Solution Explanation for Removing Linked List Elements

This problem involves traversing a singly linked list and removing all nodes with a specific value. The optimal approach uses a dummy node to simplify handling the head of the list.

Approach:

  1. Dummy Node: A dummy node is created and inserted before the head of the original linked list. This simplifies the logic, especially for removing the head node itself. The dummy node's next pointer points to the actual head.

  2. Iteration: The code iterates through the linked list using two pointers:

    • pre: Points to the node before the node being considered.
    • cur: Points to the node currently being evaluated. (In this case, cur is implicitly pre.next)

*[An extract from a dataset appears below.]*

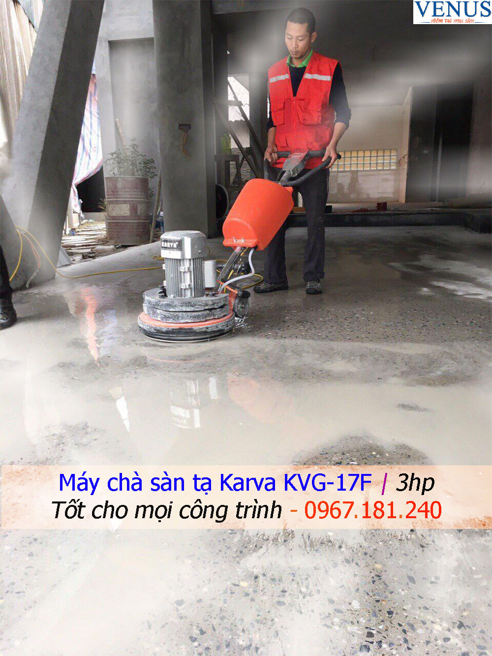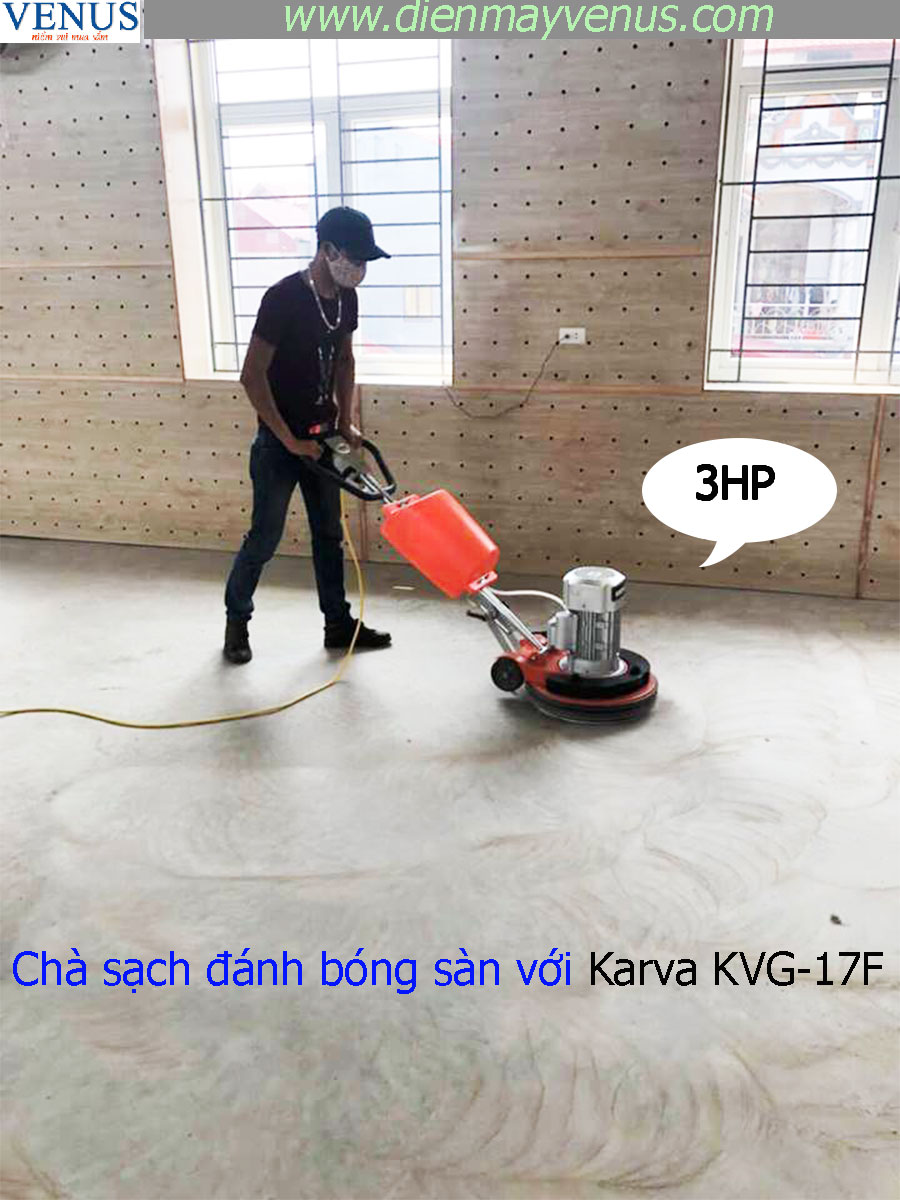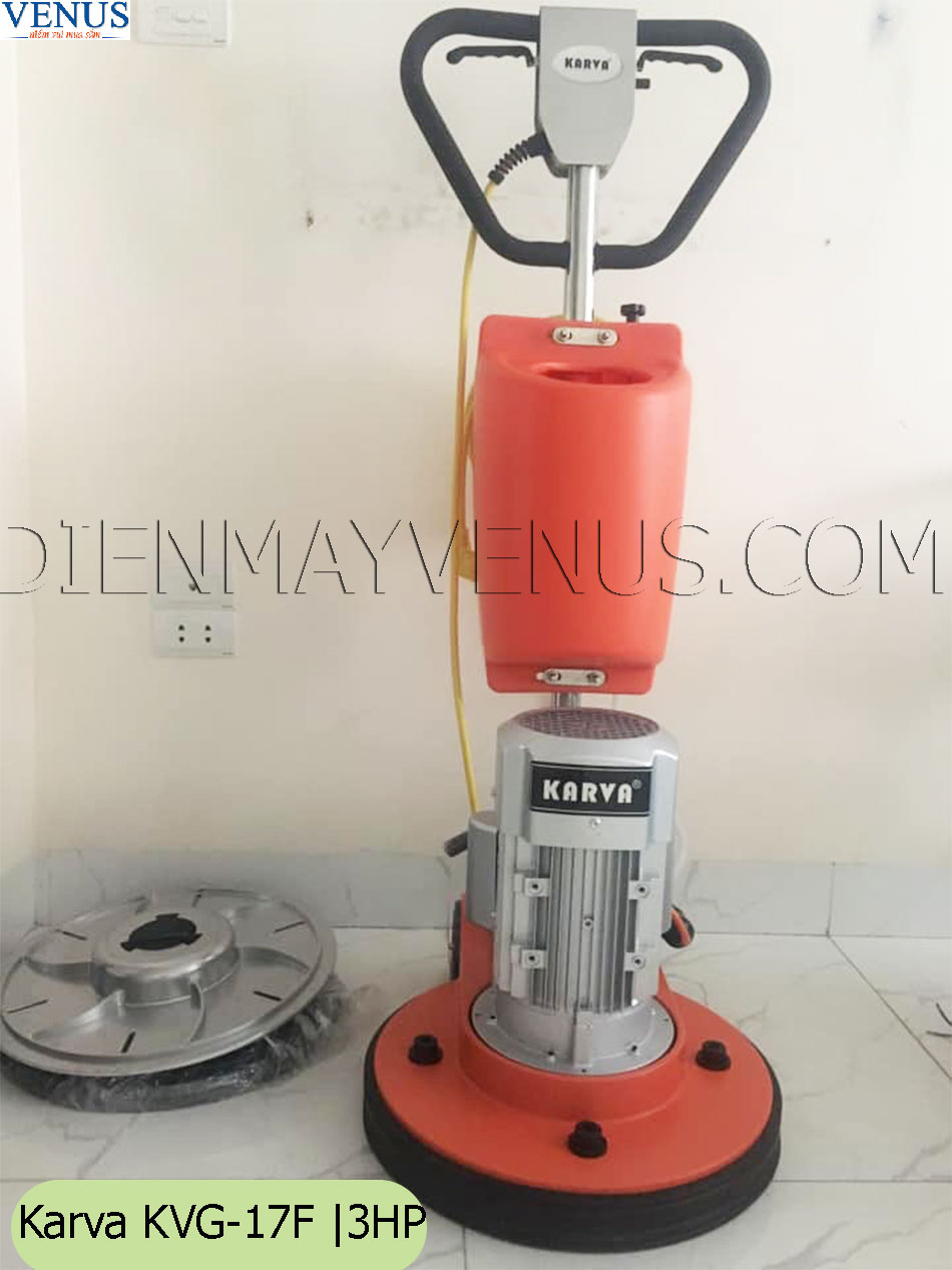 Máy đánh bóng sàn công suất lớn Karva KVG-17F công suất 3HP được đánh giá tốt nhất cho các hạng mục công trình vệ sinh công nghiệp, máy chà sàn tạ dán phù hợp cho việc đánh bóng hoàn thiện công trình xây dựng, kho bãi, nhà xưởng dịp cuối năm, Karva KVG-17F đường kính chà 18", trọng lượng tạ dán 99kg, dung tích bình chứa hóa chất 10L, tốc độ quay lên đến 200rpm/min có thể gắn phíp mài, phíp đánh bóng ưu việt, mời các bạn đến với siêu thị điện máy Venus để có giá tốt nhất - Số 104 Ngõ 192 Lê Trọng Tấn, Hoàng Mai, Hà Nội
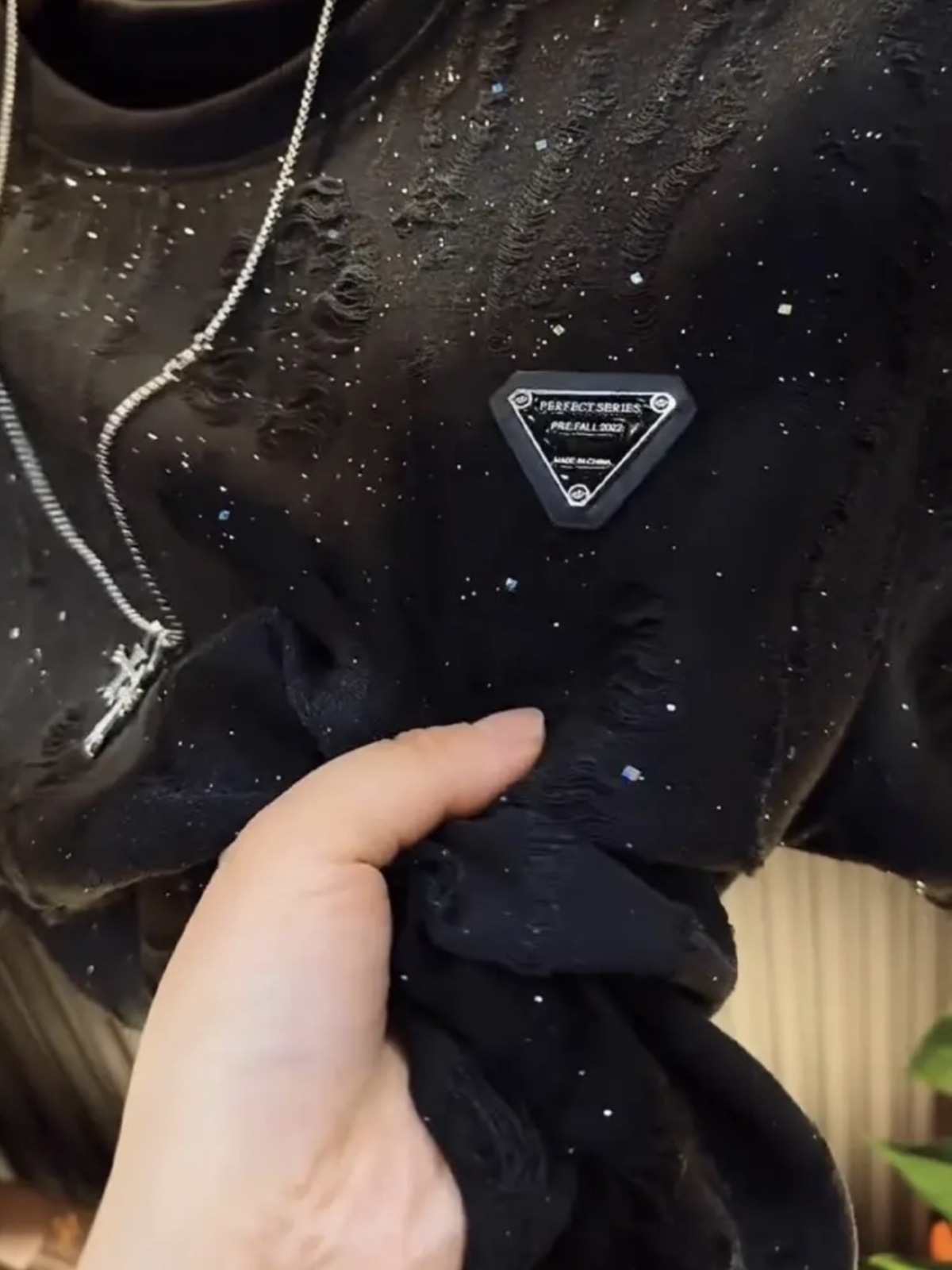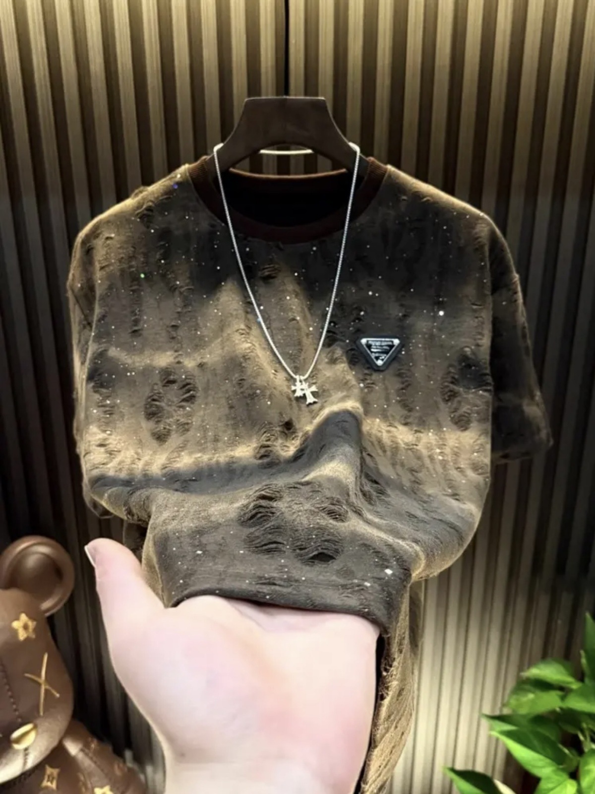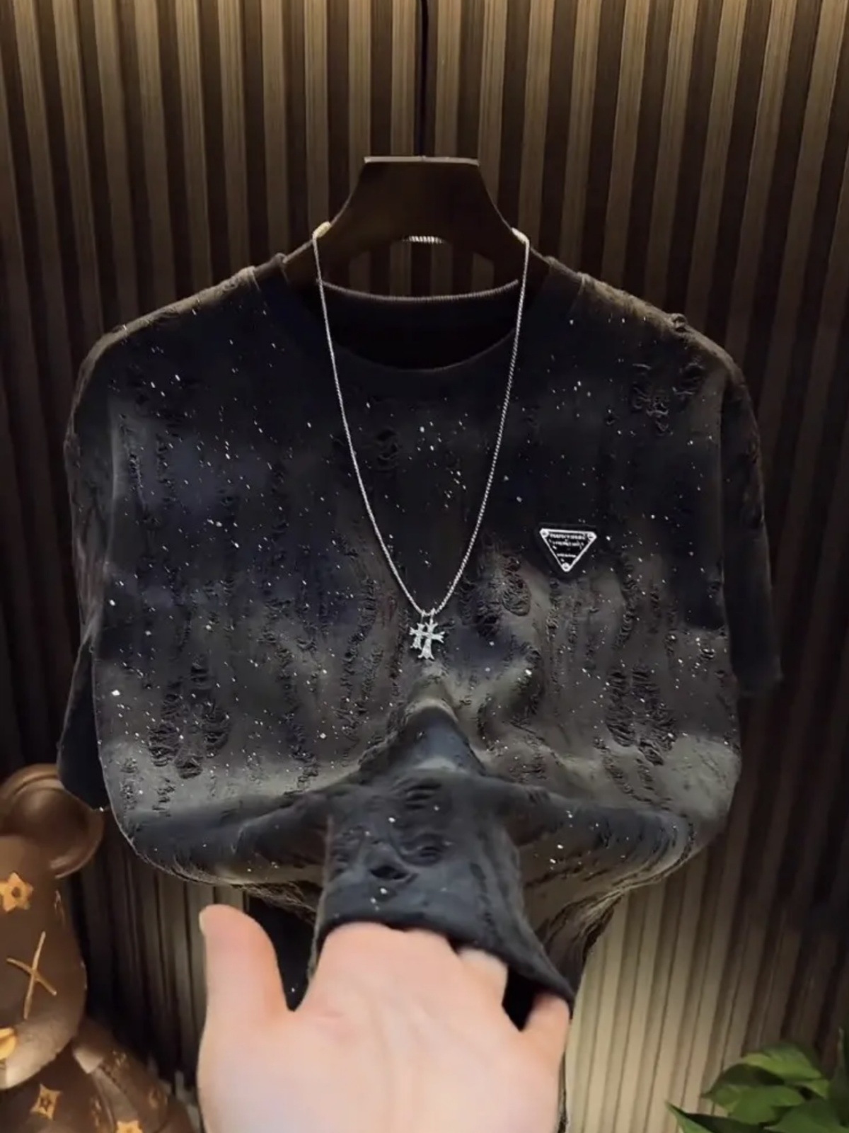 대외 무역 신작 2025 안개꽃 티셔츠 트렌디 브랜드 하이엔드 라운드 넥 탑 스팽글 루즈 찢어진 반팔 티셔츠 남성용스토어 가기

  3. Conditional Removal: In each iteration:

    • If cur.val (or pre.next.val) is equal to the target val, the node is removed by updating pre.next to skip over the node to be removed (pre.next = pre.next.next).
    • Otherwise, the pointers move to the next node (pre = pre.next).

  4. Return Value: After the iteration, the next pointer of the dummy node points to the new head of the modified linked list, which is then returned.

Time Complexity: O(N), where N is the number of nodes in the linked list. This is because the code iterates through the list once.

Space Complexity: O(1). The algorithm uses a constant amount of extra space, regardless of the list's size. The dummy node and the two pointers do not scale with the input size.

Code Explanation (Python as an example):

# Definition for singly-linked list.
# class ListNode:
#     def __init__(self, val=0, next=None):
#         self.val = val
#         self.next = next
class Solution:
    def removeElements(self, head: ListNode, val: int) -> ListNode:
        dummy = ListNode(-1, head)  # Create dummy node
        pre = dummy  # Initialize 'pre' pointer to dummy
        while pre.next:  # Iterate until the end
            if pre.next.val != val:  # If value is not target
                pre = pre.next  # Move to next node
            else:
                pre.next = pre.next.next  # Remove the node
        return dummy.next  # Return the new head (after the dummy)

The code in other languages follows the same logic; only the syntax changes. All the provided code snippets implement this efficient approach with a dummy node, resulting in O(N) time and O(1) space complexity.